> **WHAT YOU SHOULD DO**
Copy exactly the lines from the one containing "講解保險套使用時機及技巧" through the last line of the records below, both included, and leave out the pictures.

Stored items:
◇ ◇ ◇ ◇ ◇

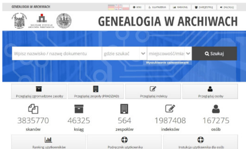
Ilustracja 3. Widok strony głównej serwisu Genealogia w Archiwach. Źródło: www.genealogiawarchiwach.pl (dostęp: 02.01.2024)

Zgodnie z informacjami zawartymi w serwisie w ramach realizacji projektu wykonano 1,8 mln skanów, co odpowiadało znaczącej części akt metrykalnych zgromadzonych w obu archiwach. Obecnie w serwisie znajduje się niemal 4 mln skanów z ponad 46 tys. ksiąg zgromadzonych w 564 zespołach archiwalnych. Wciąż jednak trwa indeksacja, bowiem w widocznym w serwisie komunikacie oba archiwa zachęcają wszystkich zainteresowanych do aktywnego włączenia się w realizację projektu w zakresie tworzenia/wypełniania baz indeksowych z zeskanowanych dokumentów genealogicznych. „Wystarczą – czytamy w komunikacie – tylko dostęp do komputera i Internetu, a także trochę umiejętności w odczytywaniu starych dokumentów”.
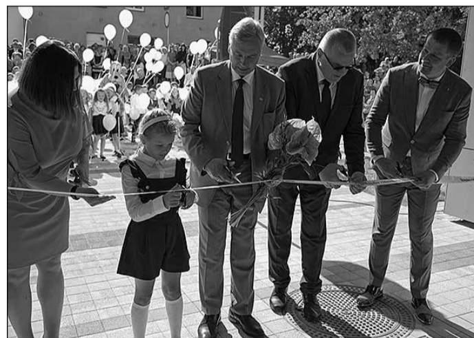
Lenti griež arī izglītības un zinātnes ministrs Kārlis Šadurskis (vidū).

Projekta Nr. 8.1.2.0/17/1/007 „Ikšķiles vidusskolas pārbūve” īstenošanai pašvaldība radusi iespēju piesaistīt Eiropas Reģio-
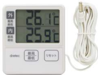
アイボリー O-285IV : 026580
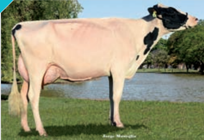
61 SAN SATURIO SHEILA CHELIOS
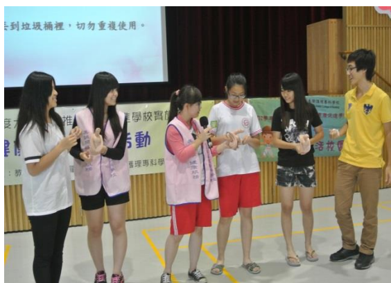
講解保險套使用時機及技巧
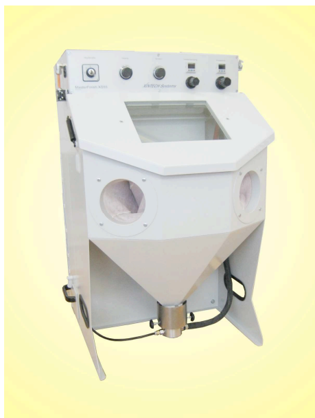
Installation de microsablage à injecteur MasterFinish XS 55

Sablux Technik AG Bramenstr. 14 CH-8184 Bachenbülach Suisse Tél. 043 411 44 22 Fax 043 411 44 23 http://www.sablux.ch
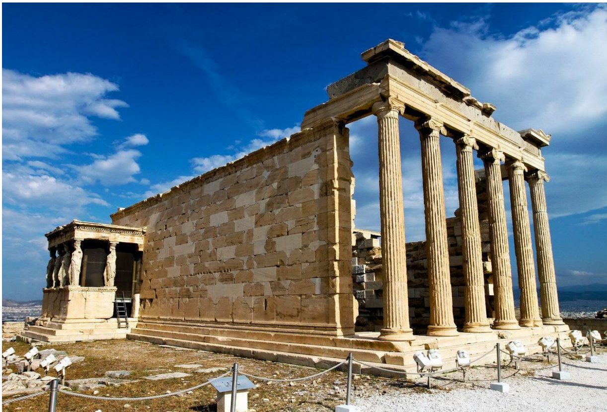
Храм Эрехтейона. Посвящён Афине, Посейдону и легендарному афинскому царю Эрехтею
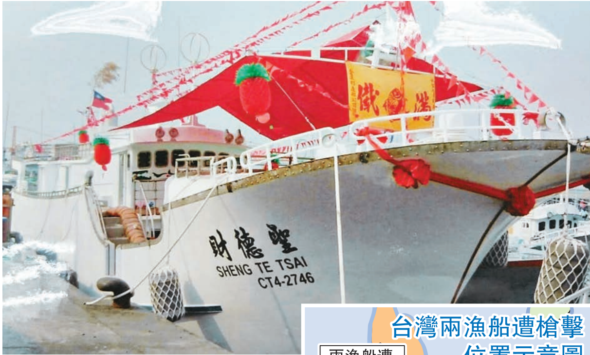
■ 台兩漁船在馬六甲海峽疑遭印尼巡邏船槍擊，幸兩船及時逃脫，人員平安。圖為「聖德財號」。

印尼水域，北邊是馬來西亞水域，往西是印度水域，但也是國際航線，正常行駛時，不時會遭過境攻擊；由於過去曾向印尼詢問過類似情況，印尼官方否認，告知當時無公務船在相關水域執法；因此這次是否為印尼軍方所為，或是海盜所為，須經由「外交部」正式向印尼政府確認。

◇ ◇ ◇ ◇ ◇

> **TASK ANSWER**
講解保險套使用時機及技巧
Installation de microsablage à injecteur MasterFinish XS 55

Sablux Technik AG Bramenstr. 14 CH-8184 Bachenbülach Suisse Tél. 043 411 44 22 Fax 043 411 44 23 http://www.sablux.ch
Храм Эрехтейона. Посвящён Афине, Посейдону и легендарному афинскому царю Эрехтею
■ 台兩漁船在馬六甲海峽疑遭印尼巡邏船槍擊，幸兩船及時逃脫，人員平安。圖為「聖德財號」。

印尼水域，北邊是馬來西亞水域，往西是印度水域，但也是國際航線，正常行駛時，不時會遭過境攻擊；由於過去曾向印尼詢問過類似情況，印尼官方否認，告知當時無公務船在相關水域執法；因此這次是否為印尼軍方所為，或是海盜所為，須經由「外交部」正式向印尼政府確認。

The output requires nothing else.